--- Supplied information Enclosed Below ---
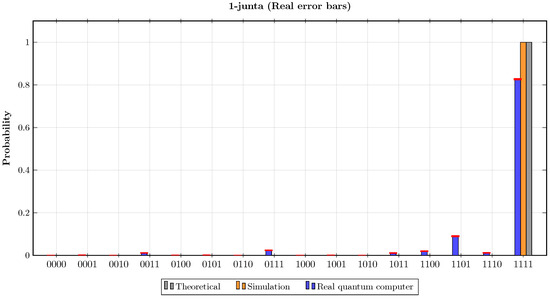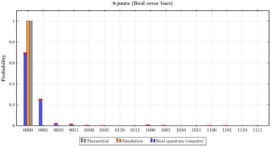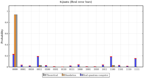 In the sixth experiment, the oracle encoded the Boolean function . The results of this experiment are presented in Figure 8. It can be observed that the probabilities , and in the theoretical calculations and in the simulation results were approximately , , and . Consequently, both theoretically and according to the simulation result, when estimating k for this oracle using Step 7 of the proposed algorithm, and . In contrast, when the quantum circuit of the proposed algorithm was implemented on the real quantum computer for the first oracle, the probabilities of the basis state were , , and . Hence, according to Step 7 in the proposed algorithm, the number of junta variables, which was estimated when implementing the algorithm on the real quantum computer, was . The statistical fidelities of this experiment were and .
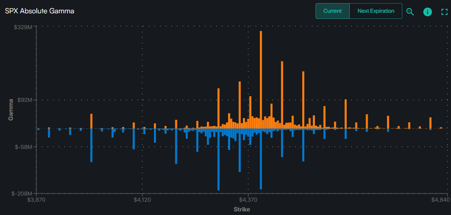 Overall, the market maintains a clear bullish state with next gamma level at 4400. Unlike previous days, SPX call wall has been pushed to 4500 so the area above 4400 is no longer considered "over-extended" for the index. However, with liquidity remaining low, SPX will mostly continue trading in the 4350-4400 range until end of day.
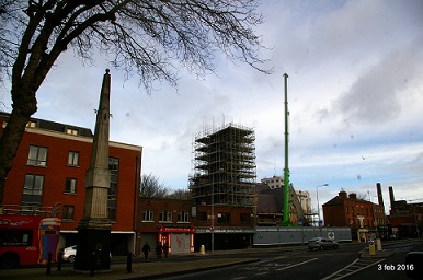 Testing took place for the temporary works for the four proposed crane pad bases. The four pits are located in an area lying between the south side of the church and the main entrance gate fronting onto James Street. The crane will be used to construct a new glass spire on the west end of the church.
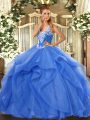 Fashion Sleeveless Floor Length Beading and Ruffles Lace Up Quinceanera Dress with Blue
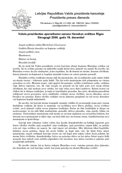 Valsts prezidentes apsveikuma uzruna Hanukas svētkos Rīgas Sinagogā 2006. gada 19. decembrī
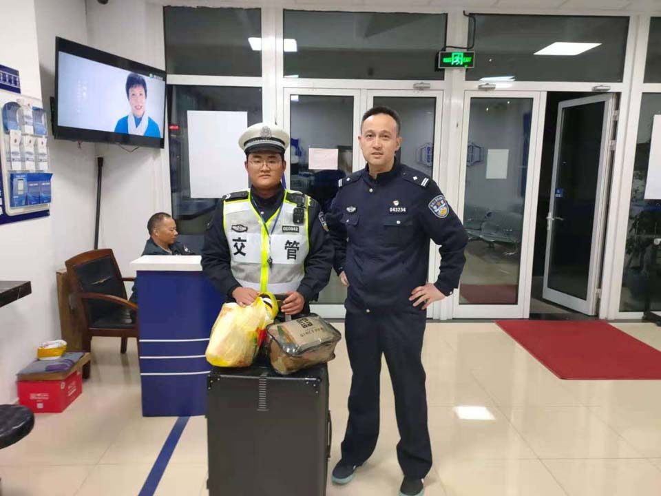 20分鐘后,失主趕來認(rèn)領(lǐng),在核對(duì)信息無誤后,隊(duì)員將公文包歸還失主,失主對(duì)宗保隊(duì)員拾金不昧的行為贊不絕口。
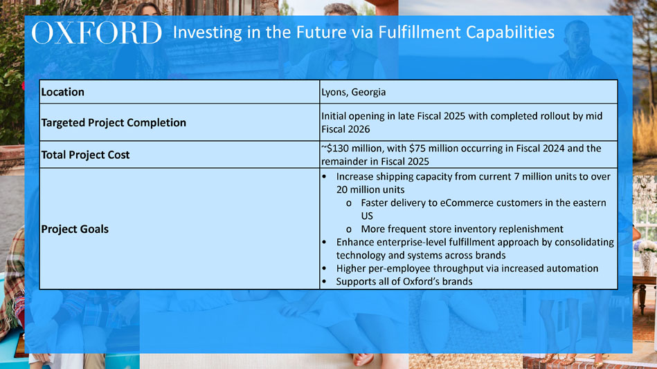 Lyons, Georgia Location Initial opening in late Fiscal 2025 with completed rollout by mid Fiscal 2026 Targeted Project Completion ~$130 million, with $75 million occurring in Fiscal 2024 and the remainder in Fiscal 2025 Total Project Cost • Increase shipping capacity from current 7 million units to over 20 million units o Faster delivery to eCommerce customers in the eastern US o More frequent store inventory replenishment • Enhance enterprise - level fulfillment approach by consolidating technology and systems across brands • Higher per - employee throughput via increased automation • Supports all of Oxford’s brands Project Goals Investing in the Future via Fulfillment Capabilities
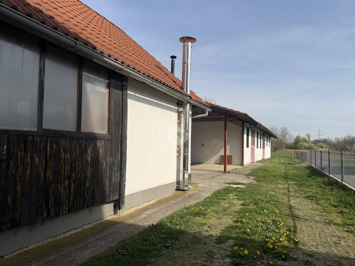 Na građevinskoj čestici se nalaze drvena kuća površine cca 60m2 s potkrovljem i radiona visokog stropa površine cca 140 m2. Čestica je ograđena i ima aktivne priključke struje, vode, plina. Postoji i sabrna jama. Nekretnina je održavana i u funkciji. Obje građevine su upisane u ZK no nemaju građevinsku i uporabnu dozvolu (postoji mogućnost legalizacije u skorije vrijeme).
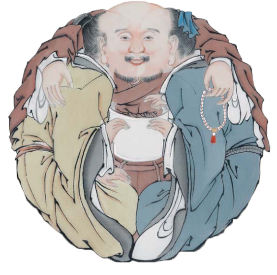 看似一人實三翁,佛門彌勒笑居中,儒飾方巾處右翼,
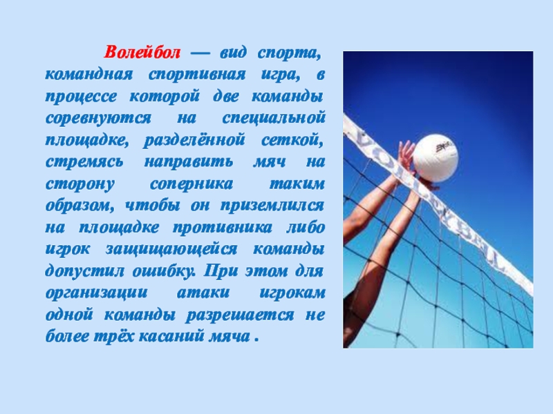на специальной площадке, разделённой сеткой, стремясь направить мяч на сторону соперника таким образом, чтобы он приземлился на площадке противника либо игрок защищающейся команды допустил ошибку. При этом для организации атаки игрокам одной команды разрешается не более трёх касаний мяча .
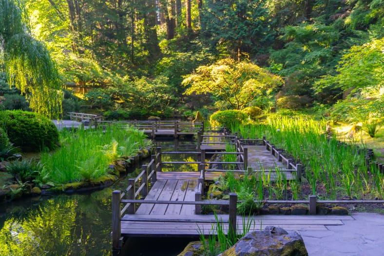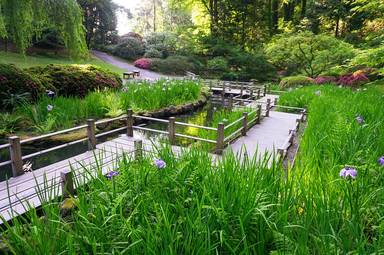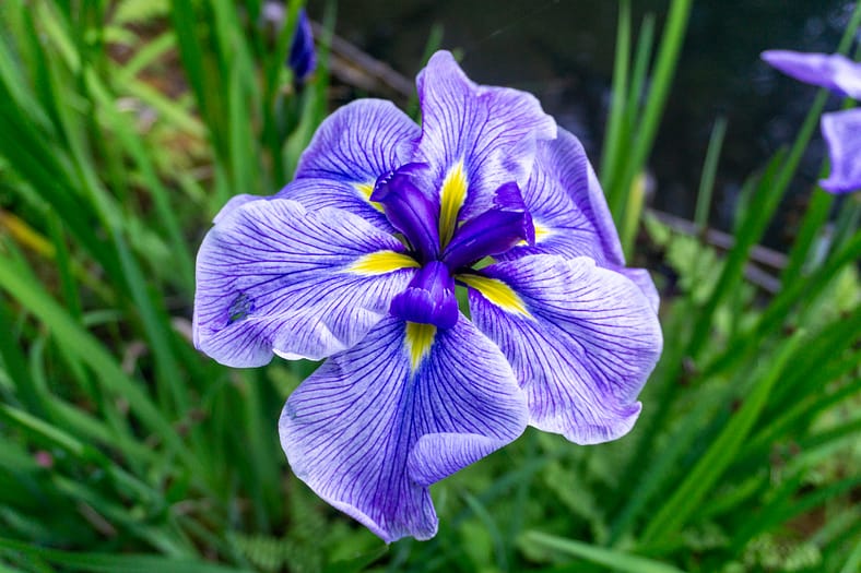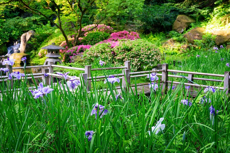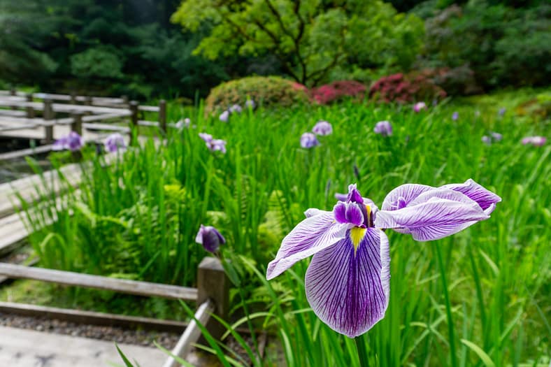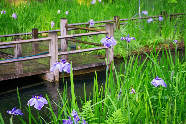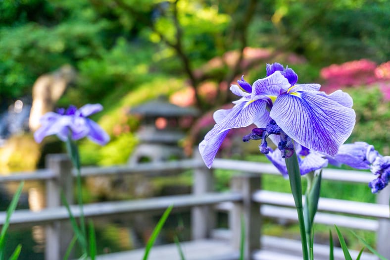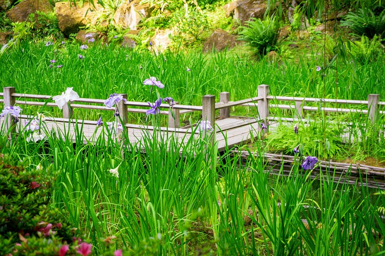 One of the horticultural highlights of Portland Japanese Garden in summer are the blooming of irises alongside the Zig-Zag Bridge. While every year is different, the Garden’s irises tend to bloom in late June, just as it officially becomes summer. To help plan your visit to see them, we have created this page that will be regularly updated until their blooms conclude. The best way to view these stunning flowers is by becoming a member. In addition to the many benefits of a Portland Japanese Garden membership, those who join are able to visit during exclusive hours every morning the Garden is open (8:00 – 10:00am), a time when the Garden is less crowded during these busy summer months.
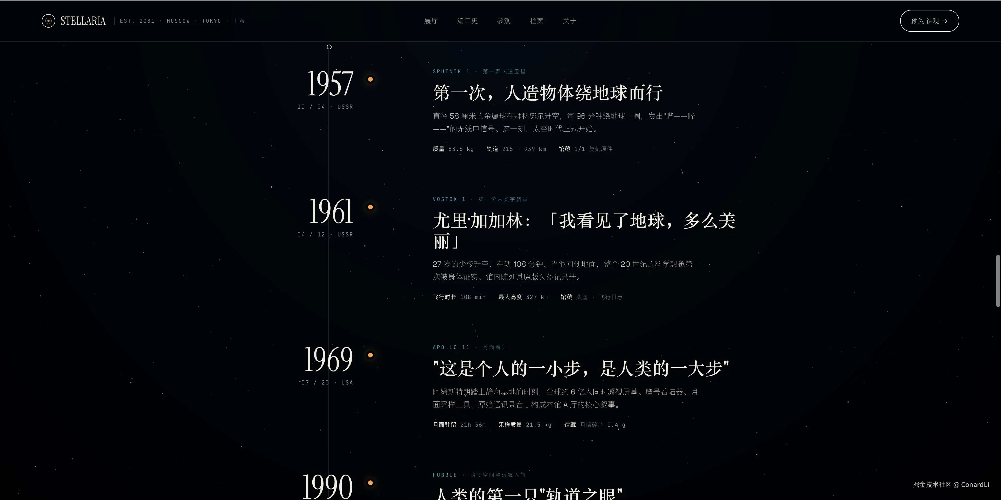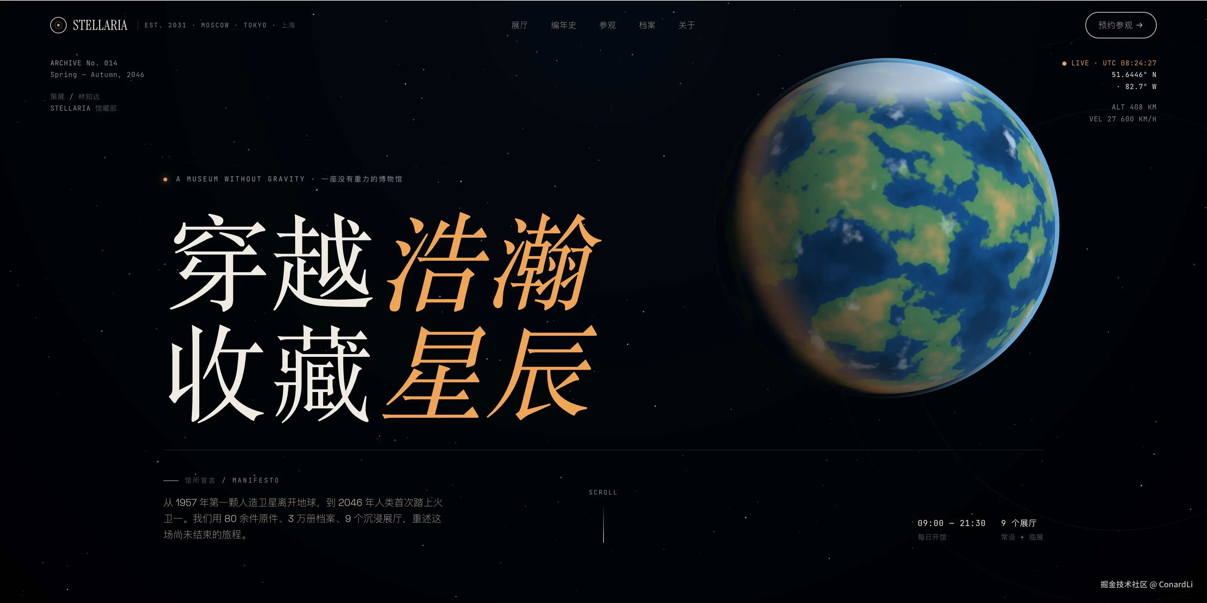 细节更精致。 导航栏 logo 是三个同心圆 + 一个 ember 色小圆点(用 CSS ::before 和 ::after 实现),有天体轨道的隐喻。页面右上角有一组实时坐标数据(ISS — LIVE TELEMETRY),作为装饰性信息元素。整个页面用 clamp() 做流式排版,间距全部用 CSS 自定义属性管理。
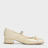 These Kelis Mary Jane pumps in beige feature charming rose-bow details, low block heels, covered round toes and slim adjustable straps. Wear them to add a feminine touch to both your workday and weekday edits.
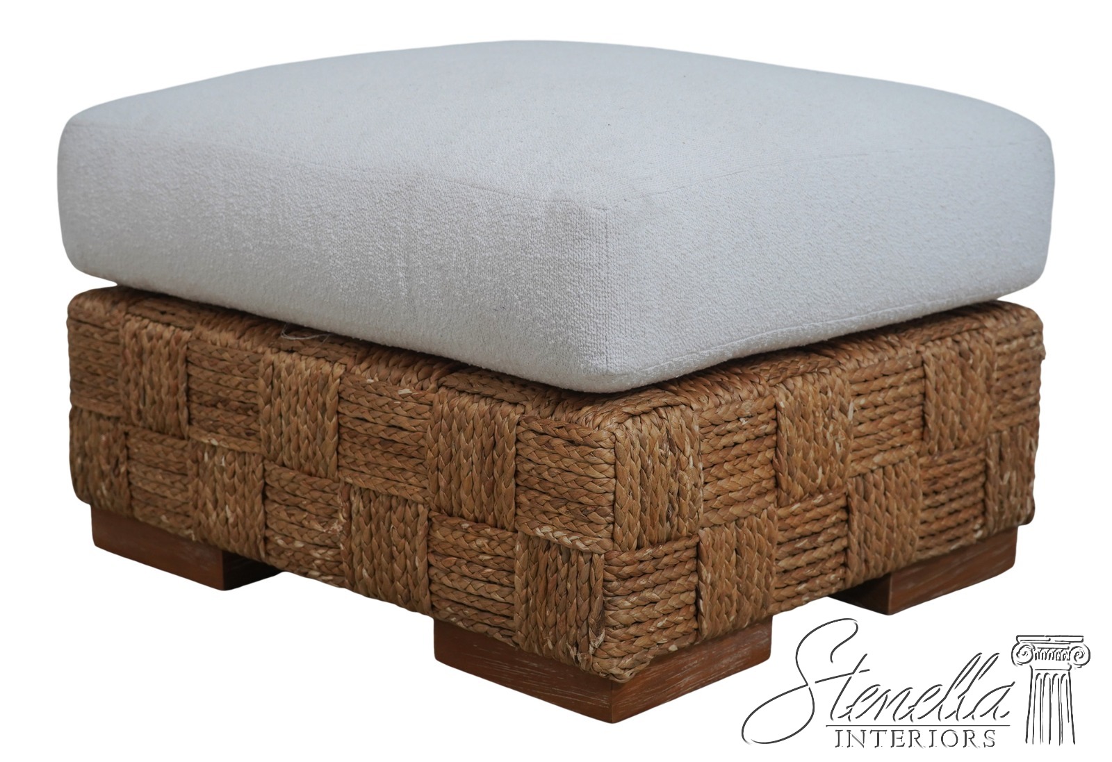 70770: RALPH LAUREN Wicker Woven Upholstered Stool
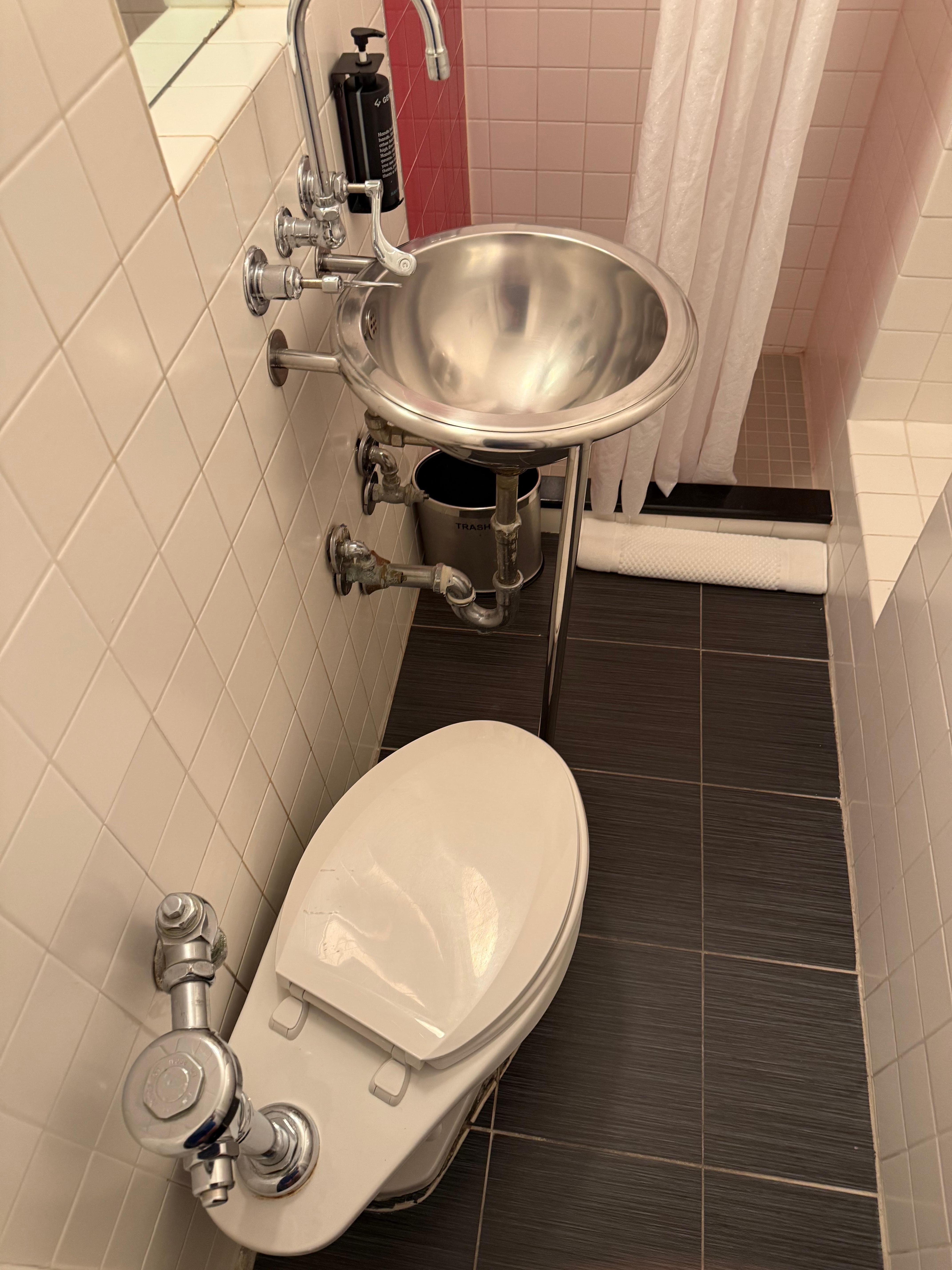 If you’ve ever wanted to spend $300 for a hotel room with a bathroom you’d have to sit side saddle on the toilet to use, this is the hotel for you. If you like standing sideways in the shower since it’s too small to stand the normal way in, this hotel is for you. If you like other people’s hair in your bathroom sink when you arrive, this hotel is for you. On top of those issues, the bathroom had 2 bath towels and that was it. No washcloths, no hand towels nothing. It also had 2 shampoo pumps in the shower and no body wash or conditioner. The bathroom was so small that I had to exit the bathroom to dry off after my shower. The only reason I’m giving this place 2 stars is because the location was prime for going to see shows on Broadway. If you’re looking for comfort, go somewhere else.
--- End of Enclosed Supplied information ---
What the task requires. For this exercise, retype the data above exactly and skip every image.

Answer to this task.
 In the sixth experiment, the oracle encoded the Boolean function . The results of this experiment are presented in Figure 8. It can be observed that the probabilities , and in the theoretical calculations and in the simulation results were approximately , , and . Consequently, both theoretically and according to the simulation result, when estimating k for this oracle using Step 7 of the proposed algorithm, and . In contrast, when the quantum circuit of the proposed algorithm was implemented on the real quantum computer for the first oracle, the probabilities of the basis state were , , and . Hence, according to Step 7 in the proposed algorithm, the number of junta variables, which was estimated when implementing the algorithm on the real quantum computer, was . The statistical fidelities of this experiment were and .
 Overall, the market maintains a clear bullish state with next gamma level at 4400. Unlike previous days, SPX call wall has been pushed to 4500 so the area above 4400 is no longer considered "over-extended" for the index. However, with liquidity remaining low, SPX will mostly continue trading in the 4350-4400 range until end of day.
 Testing took place for the temporary works for the four proposed crane pad bases. The four pits are located in an area lying between the south side of the church and the main entrance gate fronting onto James Street. The crane will be used to construct a new glass spire on the west end of the church.
 Fashion Sleeveless Floor Length Beading and Ruffles Lace Up Quinceanera Dress with Blue
 Valsts prezidentes apsveikuma uzruna Hanukas svētkos Rīgas Sinagogā 2006. gada 19. decembrī
 20分鐘后,失主趕來認(rèn)領(lǐng),在核對(duì)信息無誤后,隊(duì)員將公文包歸還失主,失主對(duì)宗保隊(duì)員拾金不昧的行為贊不絕口。
 Lyons, Georgia Location Initial opening in late Fiscal 2025 with completed rollout by mid Fiscal 2026 Targeted Project Completion ~$130 million, with $75 million occurring in Fiscal 2024 and the remainder in Fiscal 2025 Total Project Cost • Increase shipping capacity from current 7 million units to over 20 million units o Faster delivery to eCommerce customers in the eastern US o More frequent store inventory replenishment • Enhance enterprise - level fulfillment approach by consolidating technology and systems across brands • Higher per - employee throughput via increased automation • Supports all of Oxford’s brands Project Goals Investing in the Future via Fulfillment Capabilities
 Na građevinskoj čestici se nalaze drvena kuća površine cca 60m2 s potkrovljem i radiona visokog stropa površine cca 140 m2. Čestica je ograđena i ima aktivne priključke struje, vode, plina. Postoji i sabrna jama. Nekretnina je održavana i u funkciji. Obje građevine su upisane u ZK no nemaju građevinsku i uporabnu dozvolu (postoji mogućnost legalizacije u skorije vrijeme).
 看似一人實三翁,佛門彌勒笑居中,儒飾方巾處右翼,
на специальной площадке, разделённой сеткой, стремясь направить мяч на сторону соперника таким образом, чтобы он приземлился на площадке противника либо игрок защищающейся команды допустил ошибку. При этом для организации атаки игрокам одной команды разрешается не более трёх касаний мяча .
 One of the horticultural highlights of Portland Japanese Garden in summer are the blooming of irises alongside the Zig-Zag Bridge. While every year is different, the Garden’s irises tend to bloom in late June, just as it officially becomes summer. To help plan your visit to see them, we have created this page that will be regularly updated until their blooms conclude. The best way to view these stunning flowers is by becoming a member. In addition to the many benefits of a Portland Japanese Garden membership, those who join are able to visit during exclusive hours every morning the Garden is open (8:00 – 10:00am), a time when the Garden is less crowded during these busy summer months.
 细节更精致。 导航栏 logo 是三个同心圆 + 一个 ember 色小圆点(用 CSS ::before 和 ::after 实现),有天体轨道的隐喻。页面右上角有一组实时坐标数据(ISS — LIVE TELEMETRY),作为装饰性信息元素。整个页面用 clamp() 做流式排版,间距全部用 CSS 自定义属性管理。
 These Kelis Mary Jane pumps in beige feature charming rose-bow details, low block heels, covered round toes and slim adjustable straps. Wear them to add a feminine touch to both your workday and weekday edits.
 70770: RALPH LAUREN Wicker Woven Upholstered Stool
 If you’ve ever wanted to spend $300 for a hotel room with a bathroom you’d have to sit side saddle on the toilet to use, this is the hotel for you. If you like standing sideways in the shower since it’s too small to stand the normal way in, this hotel is for you. If you like other people’s hair in your bathroom sink when you arrive, this hotel is for you. On top of those issues, the bathroom had 2 bath towels and that was it. No washcloths, no hand towels nothing. It also had 2 shampoo pumps in the shower and no body wash or conditioner. The bathroom was so small that I had to exit the bathroom to dry off after my shower. The only reason I’m giving this place 2 stars is because the location was prime for going to see shows on Broadway. If you’re looking for comfort, go somewhere else.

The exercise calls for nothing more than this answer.